The metrics exported are:
-
osmtracker_changeset_cnt - the number of changesets currently in the database. Labelled with changeset state. If changesets in e.g. state NEW or ANALYSING states it could mean the number of worker tasks cannot cope with the influx of new changesets.
-
osmtracker_minutely_diff_processing_time_seconds - histogram with processing time for individual minutely diffs. Since the minutely diffs are parsed by a single entity this processing time should be less than one minute. Experience show this to be on the order of a few seconds on typical HW.
-
osmtracker_minutely_diff_timestamp - currently observed timestamp from minutely diff. If this timestamp stops progressing it could mean a problem with OpenStreetMap replication, not the tracker service.
-
osmtracker_minutely_diff_processing_timestamp - timestamp of latest minutely diff processing. This timestamp should typically be less than a minute plus a little allowance for processing the minutely diff, e.g. less than 70s.

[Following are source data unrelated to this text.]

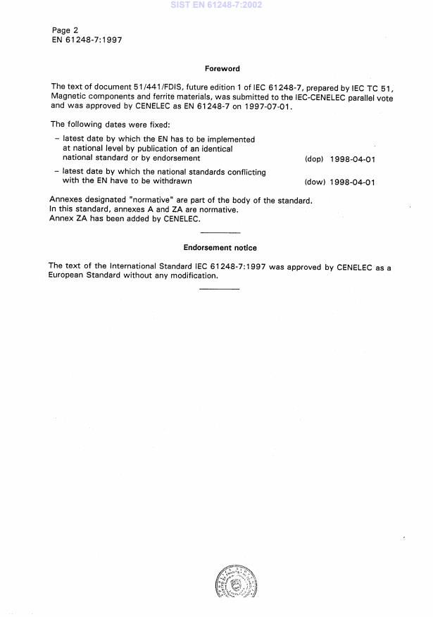 EN 61248-7:1997 is a standard published by CLC. Its full title is "Transformers and inductors for use in electronic and telecommunication equipment - Part 7: Sectional specification for high-frequency inductors and intermediate frequency transformers on the basis of the capability approval procedure". This standard covers: Specifies how to prepare detail specifications for high-frequency inductors and intermediate frequency transformers between 10 kHz and 2 GHz.Includes a blank detail specification, which shows the format and indicates which tests are considered to be appropriate to this type of component.
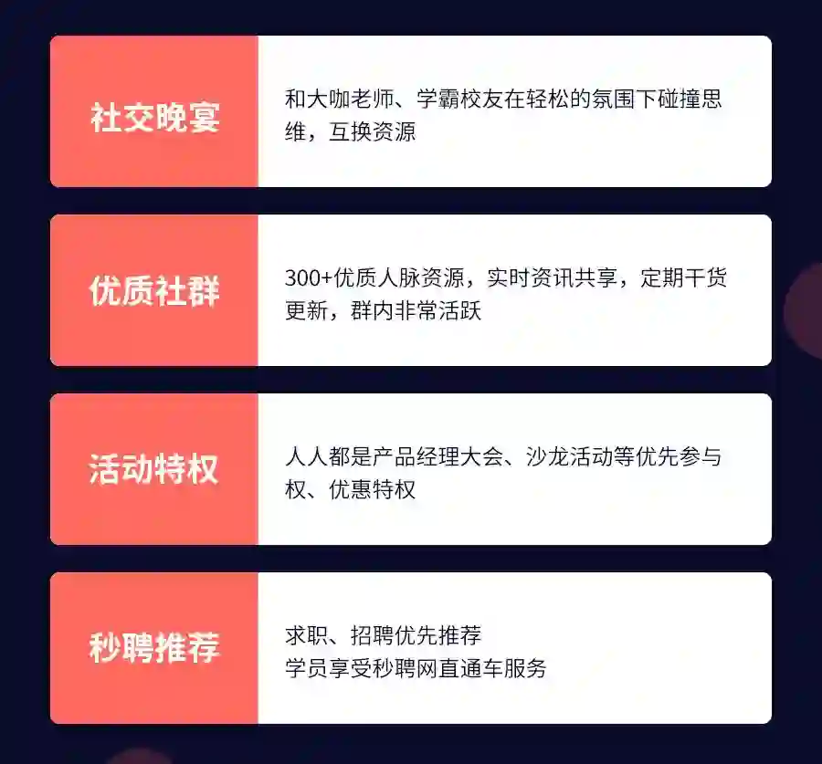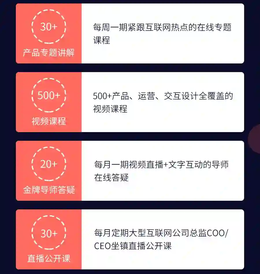 一线导师资源,系统课程内容,丰富的增值服务,系统搭建3年以上产品经理的职场晋升能力模型。
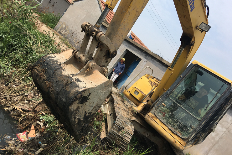 "各項防汛工作中,當數中二圩排水道堵塞問題最為突出,由于之前的燕尾港鎮(zhèn)拆遷,大量拆遷戶涌入灌西鹽場中二圩地區(qū)生活,違建現象嚴重,各種建筑垃圾和白色垃圾隨處堆放,排水系統深受其害。為方便職工群眾生活起居,灌西公司對中二圩地區(qū)排水道進行疏通清理,以便安度汛期。”清理現場,," 防汛辦公室主任楊善兵說道,只見大小挖機全力施工,對于大挖機不好進入的居民區(qū)內部小溝小道則由小挖機專門清理,對于復雜地形機械難以進入的地方只能人工清理,務求做到全面徹底,不留死角。
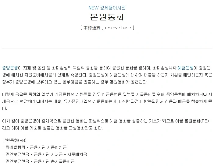 이 때 중앙은행이 시중은행(상업은행)에 공급한(빌려준) 돈을 '본원통화 RB: Reserve Base'라 한다.
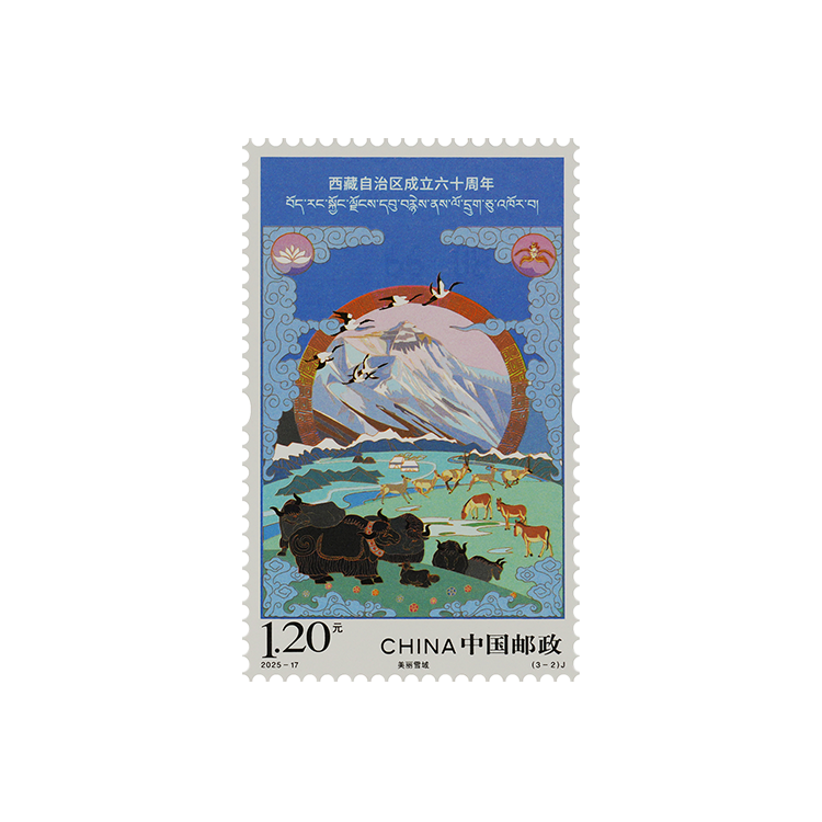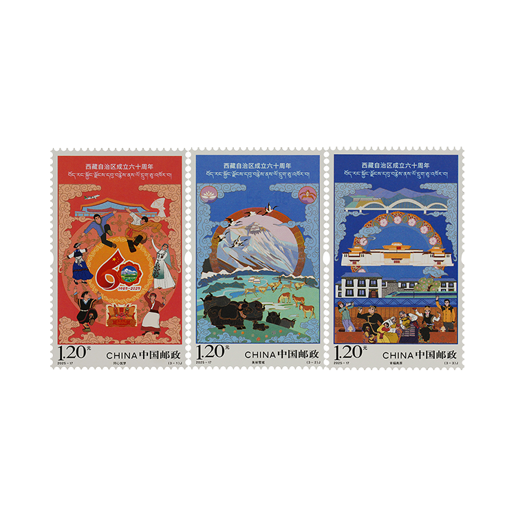 中国邮政定于2025年8月15日发行《西藏自治区成立六十周年》纪念邮票1套3枚。
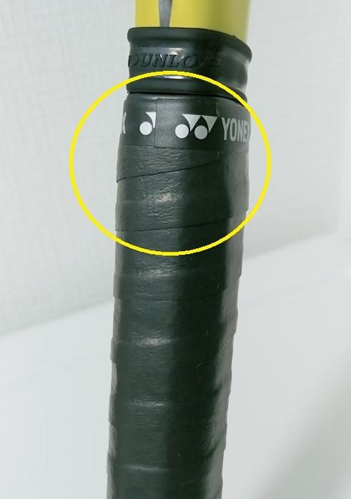 グリップテープが剥げてきたので張り替えを。 12日の試合で貰った景品があったのでこれを。 中学生の頃はドロップハンドルのバーテープを 張ってきたしロードバイクに復活してからはずっと 張り替えているのでラケットのテープを貼り替えるのは楽勝。 プロ並みだと思っています。 プロの仕上げは、黄色の〇の部分が違います。 しっかりと最後まで斜めに。
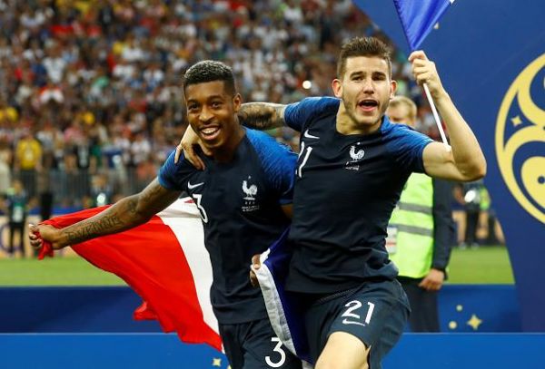 تیم ملی فرانسه پس از دریافت کاپ قهرمانی جام جهانی روسیه
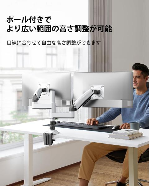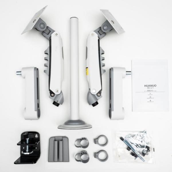 HUANUO ガススプリング式モニターアーム 13-32インチサイズモニター対応 デュアル画面 ホワイト HNDS32W
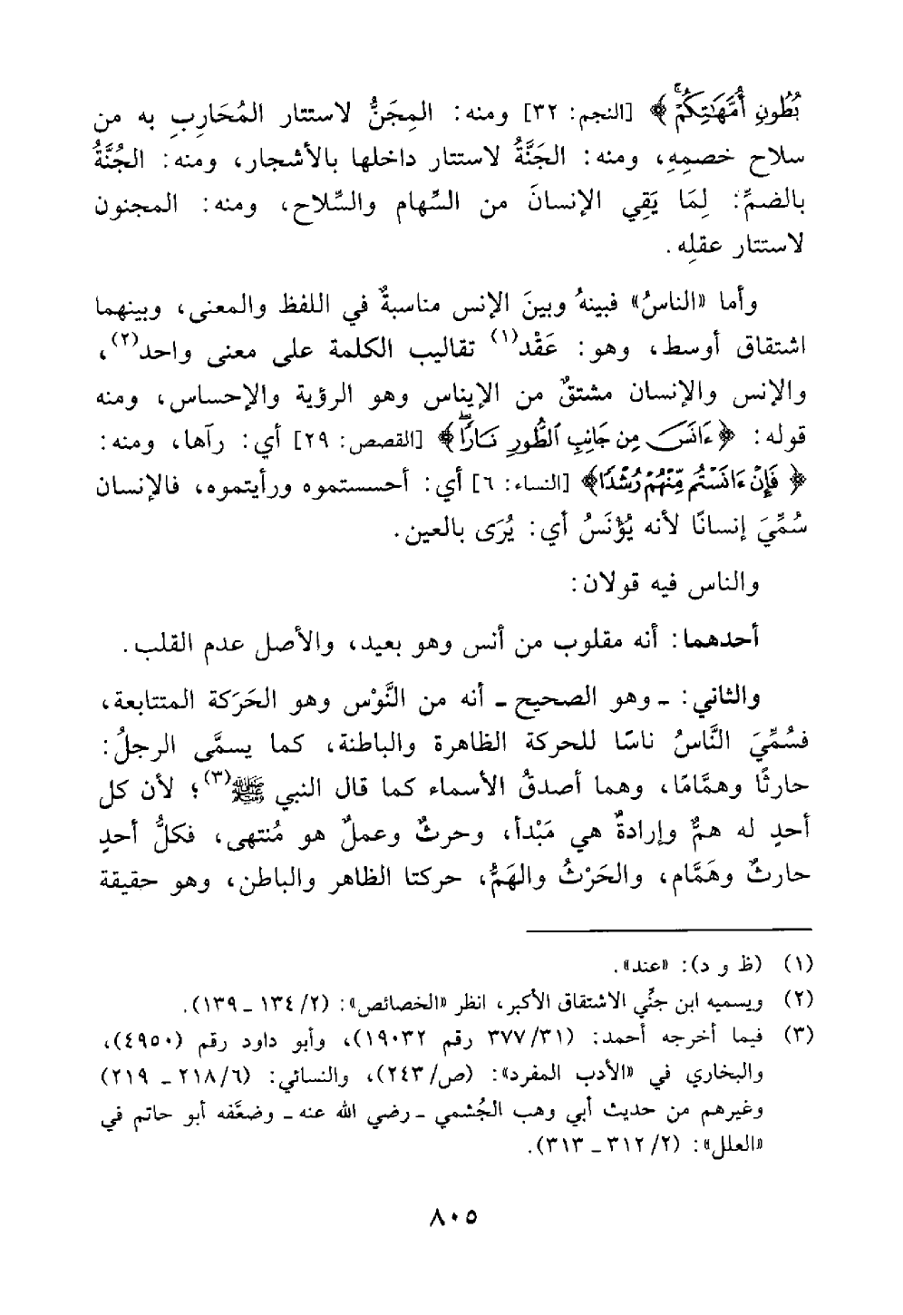 ومنه فإن آنستم منهم رشدا النساء 6 أي أحسستموه ورأيتموه فالإنسان سمي إنسانا لأنه يونس أي يرى بالعين والناس فيه قولان أحدهما أنه مقلوب من أنس وهو بعيد والأصل عدم القلب والثاني هو الصحيح أنه من النوس وهو الحركة المتتابعة فسمي الناس ناسا للحركة الظاهرة والباطنة كما سمي الرجل حارث وهمام أصدق الأسماء كما قال النبي صلى الله عليه و سلم // صحيح // لأن كل أحد له هم
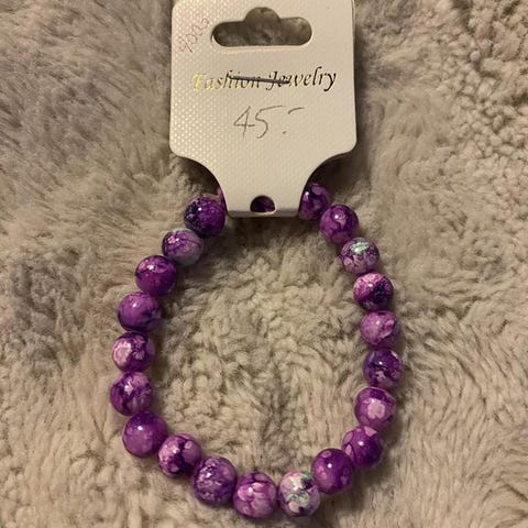 Armband med röda/gröna melerade glaspärlor ca 14,5 cm
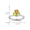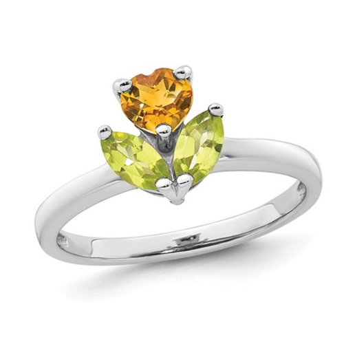 Bague 4/5 carat (ct) en forme de coeur, citrine et péridot en forme de fleur, argent sterling
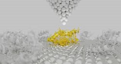 Mentre nel microscopio ottico l’elemento fondamentale è la luce, in quello AFM è una micro levetta a punta che idealmente termina con un singolo atomo (l’ultimo pallino dall’alto dell’immagine di copertina) e che viene portata a contatto con l’oggetto da osservare proprio come la puntina dei giradischi per i dischi in vinile. Questa levetta è chiamata ‘cantilever’ ed ha una certa elasticità, grazie alla quale quando giunge in contatto con il campione si piega senza spezzarsi, ovvero ‘deflette’:
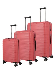 kolečka: 4 zdvojená (Spinner) kolečka, otočná o 360°, velmi tichá a tlumící nerovnosti povrchu díky pogumovanému obvodu, odolná s robustními uchyceními ve spodní části kufru, snadno vyměnitelná, zajišťující stabilní jízdu kufru s komfortním ovládáním
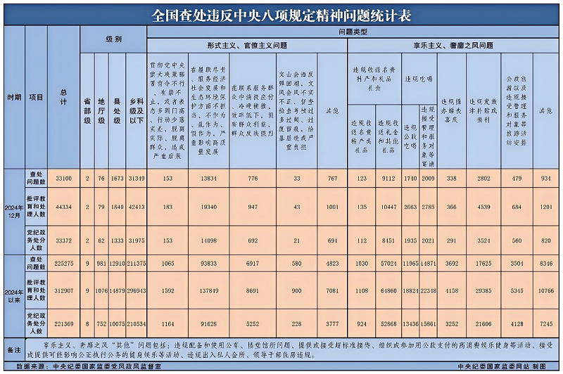 中央紀(jì)委國(guó)家監(jiān)委公布全國(guó)查處違反中央八項(xiàng)規(guī)定精神問(wèn)題匯總情況。2024年,全國(guó)共查處違反中央八項(xiàng)規(guī)定精神問(wèn)題225275起,其中,違規(guī)吃喝問(wèn)題占2024年度查處問(wèn)題總數(shù)的22.7%。

If not, the tracker service might have an internal problem.
-
osmtracker_minutely_diff_head_seqno - latest head sequence number observed from OpenStreetMap replication service.
-
osmtracker_minutely_diff_latest_seqno - latest sequence number processed. Should be identical or very close to osmtracker_minutely_diff_head_seqno.
-
osmtracker_minutely_diff_csets_observed - number of chagesets observed in the recent minutely diff. A very large influx of changesets might cause small increased delays in the tracker.
-
osmtracker_events - changeset filter, analysis and changeset refresh events as indicated by 'event' label. Both generated and handled events are tracked as indicated by the 'action' label.
-
osmtracker_changeset_filter_processing_time_seconds - histogram with processing time for filter events.
-
osmtracker_changeset_analysis_processing_time_seconds - histogram with processing time for changeset analysis events.
-
osmtracker_changeset_refresh_processing_time_seconds - histogram with processing time for changeset refresh events.
-
osmtracker_backend_processing_time_seconds - histogram with processing time for backend refresh events.
-
openstreetmap_api_events - number of requests towards the OpenStreetMap API, labelled according to operation.
-
openstreetmap_api_bytes - number of bytes to/from OpenStreetMap API, labelled according to operation and direction.
The Helm-based deployment supports deploying Kubernetes network policies to allow for fine-grained control of network access between pods. You need a Kubernetes network plugin that supports network policies for this to have any effect.
If you are using a Kubernetes ingress/ingress-controller, you could refine the osmtracker-frontend network policy selectors to match the labels of the ingress. The same applies for the metrics network policy, which could be limited to accept only connections from e.g. Prometheus.